Operating profit of the U.S. Snacks business was up sharply because of reduced restructuring charges savings coming from the D.S.D. exit. Net sales were lower, pressured by list-price adjustments and rationalization. Normalized for the impact of these actions and the D.S.D. transition, Kellogg said underlying sales were higher for a fourth straight quarter.
“Pringles is growing across the globe, in the United States, in Europe, in Latin America and in Asia Pacific,” Mr. Cahillane said. “Other snack brands like Cheez-It and Rice Krispies Treats have sustained strong consumption growth even in the aftermath of our transition out of D.S.D. Brands like Bear Naked and RXBAR continued to expand.”
The Kellogg Morning Foods segment experienced weaker sales. Declines in cereal consumption lessened. Kellogg attributed the directionally improved trends to efforts the company has made toward emphasizing wellness attributes.
Sales were higher for the U.S. Specialty channels segment, which was boosted by the vending and convenience channels.
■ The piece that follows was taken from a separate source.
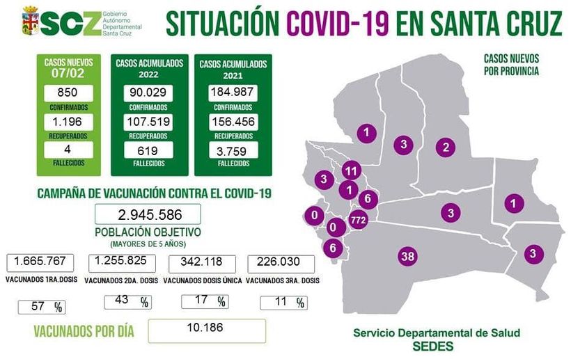 #SCZ reporta hoy 850 nuevos contagios de #covid-19 y 4 fallecidos

The North America Other segment, comprised of the U.S. Frozen Foods, Kashi Company, and Canadian businesses, as well as the recently acquired RXBAR, increased net sales strongly.
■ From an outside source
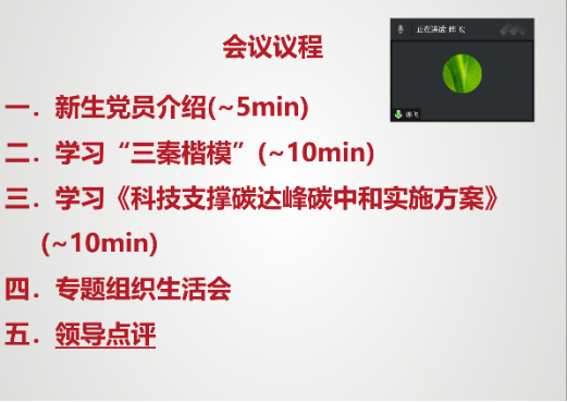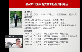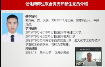 党委委员、副院长陈飞作总结发言。他首先向加入支部的三位同志表示欢迎,并期望他们在未来的工作和深造岗位进一步发挥模范带头作用。陈飞委员肯定了催化所各位党员同志在科研学习、支部建设等方面发挥的先锋模范带头作用并期待催化所的师生聚焦国家“双碳”目标,为“双碳”目标贡献交大力量。

“RXBAR continued its strong growth, expanding distribution and share; it contributed about 15 percentage points to North America Other’s currency-neutral net sales growth in the quarter,” Kellogg said. “We continue to see the benefits of maintaining RX’s independence and entrepreneurial approach as well as the benefits of RX’s access to Kellogg’s considerable resources. We’ll leverage this new growth platform more and more in the future.”
Mr. Cahillane cited steadily improving performance in Kellogg’s Kashi business, with consumption outpacing the category in the natural channel and gaining share in the traditional cereal channel as well. Bear Naked granola performed well, too, he said.
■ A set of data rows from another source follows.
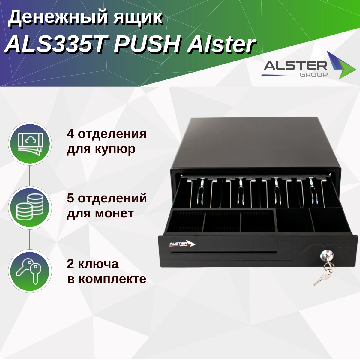 Денежный ящик ALS335T PUSH (4b/5c) Alster интересное:
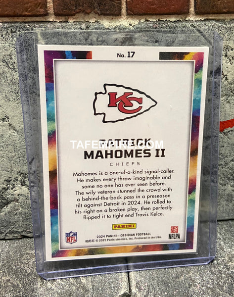 Score big with this 2024 Panini Obsidian Black Color Blast Patrick Mahomes II SSP card! Featuring the Kansas City Chiefs superstar in stunning black chrome with vibrant color blast technology, this short-printed parallel is a must-have for collectors and Mahomes fans alike. The sleek obsidian design makes this card pop off the shelf, capturing one of football's most electrifying players in premium style. Whether you're building a Mahomes collection or hunting for rare parallels, this beauty delivers serious swagger and collectible value.
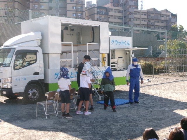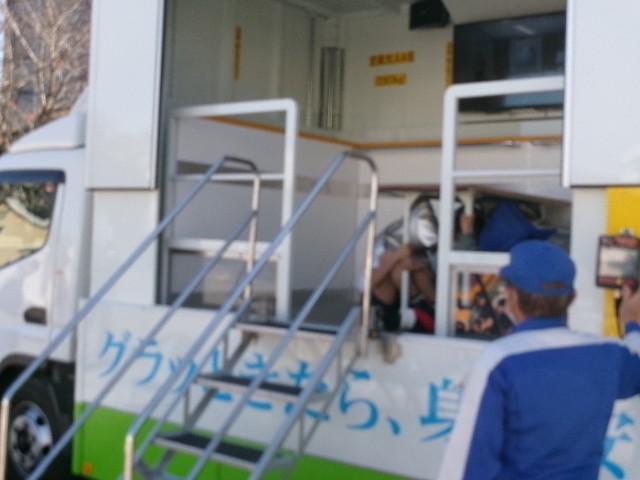 今日は避難訓練の後、代表の児童が起震車体験を行う様子をみんなで見ました。
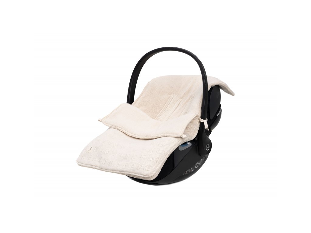 Štýlový pletený fusak do autosedačky má vonkajšiu časť z mäkkej pleteniny a vnútornú stranu z jemného fleecu pre maximálne pohodlie a tepelný komfort dieťaťa v autosedačke. Otvory v zadnej časti fusaku umožňujú pretiahnutie pásov autosedačky, fusak tak môžete mať v autosedačke pripravený a po jeho rozopnutí už stačí len dieťa do autosedačky vložiť a pripútať. Podľa teploty v aute alebo vonku fusak s pomocou zipsov zapnete alebo naopak necháte rozopnutý, aby bol zaistený tepelný komfort dieťaťa. Zapínanie na patentky v hornej časti fusaku umožňuje vytvoriť kapucňu na ochranu hlavičky dieťaťa napr. pri prenášaní dieťaťa v autosedačke vonku.

Strength in the Frozen Foods business was particularly impressive given a tough comparison with the year-ago quarter, Mr. Cahillane said.
“Eggo gained share, aided by the successful relaunch of our Thick & Fluffy sub line,” he said. “And Morningstar Farms also continued to gain share, sustaining double-digit consumption growth behind its core grilling items. Frozen Foods are on trend, and we have strong brands and solid commercial plan to continue to grow even as we face tougher comps in the second half.”
Answering questions later in the call, Mr. Cahillane said introductions like Thick & Fluffy have helped Kellogg offset rising input costs.
“We’ll first and foremost look to productivity to cover all of our input costs, including transportation inflation and so forth and revenue growth management to make up the balance of it,” he said. “And we see good opportunities to continue to do that. Eggo is a good example, Eggo Thick & Fluffy, where we’ve relaunched that line with new packaging, which was much more premium in nature with the new additional food, which was Double Chocolate. And we got a 12% increase in price, and it worked for everybody. It worked for the consumer because they absolutely love the product, had almost zero elasticity. It worked for the retailer extremely well because it’s a higher ring on the same margin for them. It worked well for us.”
Improved profitability bodes well for the future, Mr. Cahillane said.
“We can now afford to more fully support power brands like Pringles, Cheez-It and Rice Krispies Treats, and we can afford, for the first time in years, to support other key brands in our portfolio — brands like Keebler Fudge Shoppe, Nutri-Grain and Special K bars,” he said.
In the first six months of 2018, Kellogg net income was $1,040 million, equal to $3 per share, up 89% from $549 million, or $1.57, in January-June 2017. Sales were $6,761 million, up 5% from $6,423 million.